An intriguing and inventive story.
Kage Baker. Bad Machine.
Further adventures of Alec Checkerland, young artisto of the near future, who is sowing his wild oats, as the youth of the time are evidently wont. I have to own up to pulling out early, partly as the story was reading fairly young adult/juvenile in tone and the AI with a piratical bent (down to the use of the word ‘lubbers’) grated. Also, it felt like a story written in the 1950s, which was looking forward to youthful behaviour, a behaviour which we have long exceeded in the meantime. But doubtless essential reading for those (not I as a rule) who enjoy Baker’s The Company series, of which this is part. My beef with The Company stories is that they feel to ‘easy’ – dumping well established characters in historic settings – and just doesn’t stretch the reader or the writer. Baker could write The Company stories till the cows come home, without really contributing a whole lot to the SF pantheon.
But I’m in the minority, as it appears a lot of people do like The Company stories. (Mind you, lots of people read Star Trek stories….)
James Van Pelt. The Ice Cream Man.
A follow up to ‘Last of the O Forms’ (Asimovs Sept 2002) in which a mutagen is causing gross defects and bizarre mutations in humans and animals. Some twenty years in, with no human babies born in that time, humanity is eking out a living, either in farms in the country, or barricaded into urban settlements. The mutant animals take many shapes and sizes, but they are breeding, and have some human characteristics, and may be the future of the human race.
Keegan is using his ice-cream van to trade between the two, garnering ammo from the mutants in exchange for the cream they supply to make his produce. He has a cleft palate, and feels compassion for the mutants, although this is not shared by his fellow humans, and he is left with a choice to make as to where his future lies.

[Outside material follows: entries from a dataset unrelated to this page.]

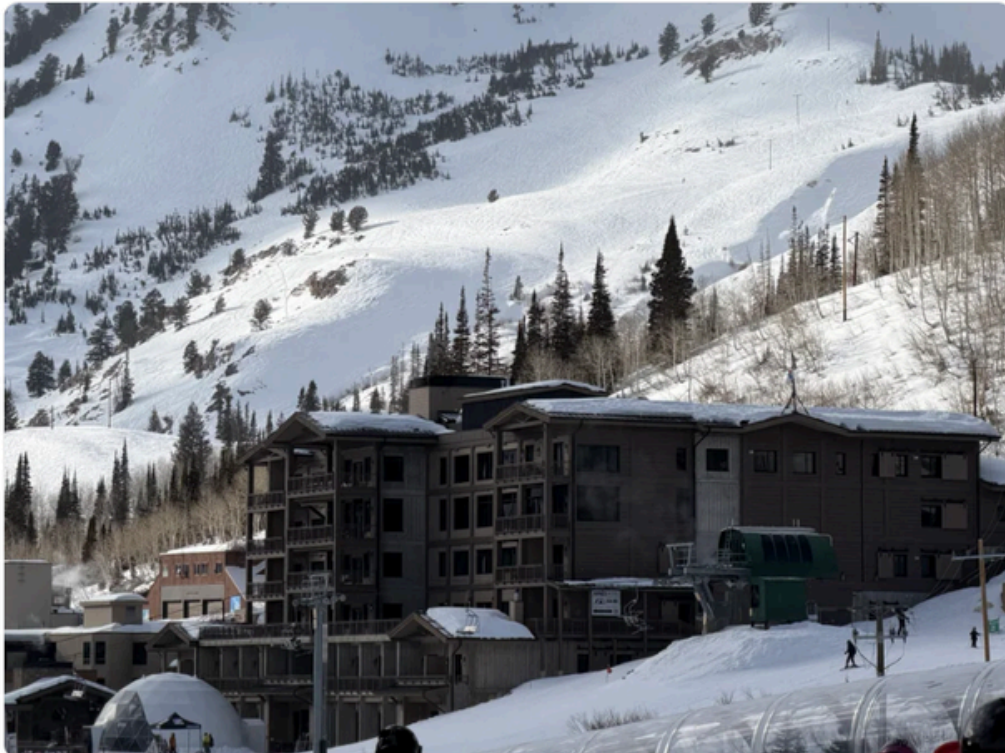
The view of Snowpine Lodge from Alta's bunny hills.

As a hotel guest, Snowpine Lodge's location couldn't be more convenient for accessing Alta Ski Resort, offering true ski-in, ski-out access right at the base of the mountain.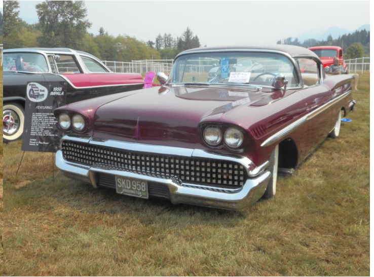
Pam and Derald Owens '58 Impala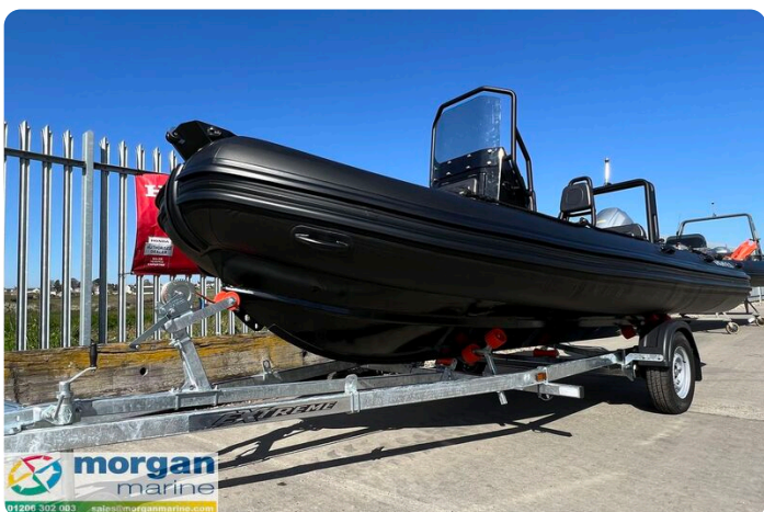
Highfield Patrol 500 aluminium RIB - under bow and hull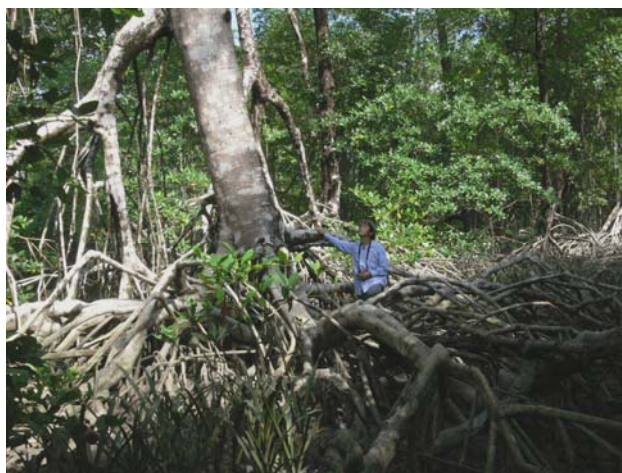
Rhizophora mangle , typical mangroves in North and South America and West Africa which can grow up to 60 m (photo: S. Baba, Brazil)

These forests that straddle land and sea are found in 123 countries in tropical and subtropical regions. Globally they are rare, covering only 150 000 square kilometers. They are disappearing faster than any other forest type on earth*.

Jay Lake. Martyr’s Carnival.
On the arid planet of Salton, a group of Christians are outside the city walls, erecting three crosses, re-enacting the Crucifixion. The local police object to this annual event taking place outside the city, but the Christians refuse to heed the command to return to the city, and deciding to spend the three days out in the open, which will result in certain death. The obstinacy of both parties lead to an impasse.
The story feels a little underdone – almost like the opening of a longer piece. As it stands it instantly sets up the conflict, has arguments on both side revealed, and then finishes.
Ruth Nestvold. Rainmakers.
Ambassador Rekaya arrives on Chepanek, charged with resolving a dispute between the indigenes and humans (for me, any stories which feature someone landing on planet to solve a sticky problem, or feature linguists landing on planet to solve a sticky problem, tend to make my heart sink).
As is the case in such stories, things prove tricky, in this case as Rekaya has evidently been set up to fail, her sexual proclivities flying in the face of local beliefs. Normally, in such circumstances, the Ambassador cleverly resolves the issue at hand, although here it transpires that she has abilities as a Rainmaker which enable her, through ‘psychotronic energy’ to speak to the planet.
At novel length you could make a subtle study of gender, politics, sexuality and a whole lot more, but in a fairly short story these topics are in your face from the start and quickly progressed, and, in this case, brought to a fairly arbitrary end. The issue of Rekaya’s sexuality isn’t really as big an element in the plot as it would need to be, for one thing, and ‘There was only one thing that the Foreign Worlds Service had not reckoned with—that Rekaya would prove to be a Rainmaker’ is w-a-y too cheesy for me.
Conclusion
McDonald and Kelly start the issue strongly, the Baker story felt a bit Harry Potterish, and the final three were OK but missing that something special.